Students at the Busan Institute of Science and Technology carefully draped a mannequin in traditional Korean funeral cloth, smoothing the fabric as if over real skin, before gently lowering it into a coffin.
Photo: Yonhap via EPA-EFE
“With our society ageing, I thought the demand for this kind of work would only grow,” said Jang Jin-yeong, 27, a funeral administration student.
Another student, 23-year-old Im Sae-jin, decided to enter the field after his grandmother died.
“At her funeral, I saw how beautifully the directors had prepared her for the final farewell,” he said. “I felt deeply grateful.”
More South Koreans are also living — and dying — alone.
Single-person households now account for about 42 percent of all homes in Asia’s fourth-largest economy.
A new profession has emerged reflecting that statistic: Cleaners who are called in to tidy up homes after their occupants, most of whom lived alone, have died.
Former classical musician Cho Eun-seok has cleaned many homes where people were found dead, sometimes months after their passing.
Their homes are “like their portraits”, Cho, 47, said.
He described heartbreaking traces: hundreds of neatly capped soju bottles and dusty boxes of gifts that were never opened.
South Korea has the highest suicide rate among developed nations, and these “lonely deaths” include those who died alone by their own hand.
Cho recently began receiving calls from used-car leasing companies to clean vehicles later found to be where clients ended their lives.
He is also developing a device to detect signs of unattended deaths that he said can harm the environment, causing pest infestations and forcing the disposal of belongings from entire households.
In summer, the smell spreads fast, “and nothing can be saved,” he said.
The home of a woman who had died recently in her late 80s was still filled with traces of her life when Agence France-Presse visited — an old air-conditioner, bottles of cosmetics and a portable toilet, while several walking sticks stood by the door.

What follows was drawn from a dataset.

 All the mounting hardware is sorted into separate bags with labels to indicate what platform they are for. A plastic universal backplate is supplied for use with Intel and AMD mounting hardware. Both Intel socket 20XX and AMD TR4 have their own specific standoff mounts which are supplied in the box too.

The work sometimes requires more than just cleaning.
Kim Seok-jung once cleared the home of a late lyricist and found a set of songs she had not shared with her relatives. He turned them into a song for the bereaved family.

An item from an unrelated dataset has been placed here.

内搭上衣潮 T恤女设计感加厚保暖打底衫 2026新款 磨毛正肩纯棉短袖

Cho remembered a high-school girl who lived alone in a gosiwon — a cramped room typically less than 5m2 — after she escaped domestic violence.
He visited once a month to clean. The teenager, suffering from depression, had been unable to tidy up herself. Piles of belongings and rotting food covered the bed, and the air was thick with flies.
However, she carefully looked after a small box, insisting Cho never throw it away. She took her own life in that small room a year later.
When Cho returned to clean, he found that a hamster had been living in the box all along. Beside it sat her guitar — she had dreamed of becoming a musician.
“The moment I saw the hamster, all I could think was that I had to save it and keep it alive,” Cho said.
Kim Doo-nyeon, a veteran in the funeral business, said he has a growing number of recruits in their 20s.
“When people live together, they share things... Even if one person dies, those items remain,” he said. “But when someone dies alone, everything must be cleared away.”
Back at class in Busan, Im admitted to some trepidation about his chosen career path.
“I am scared,” he said. “No matter how much you prepare, facing a deceased person is frightening.”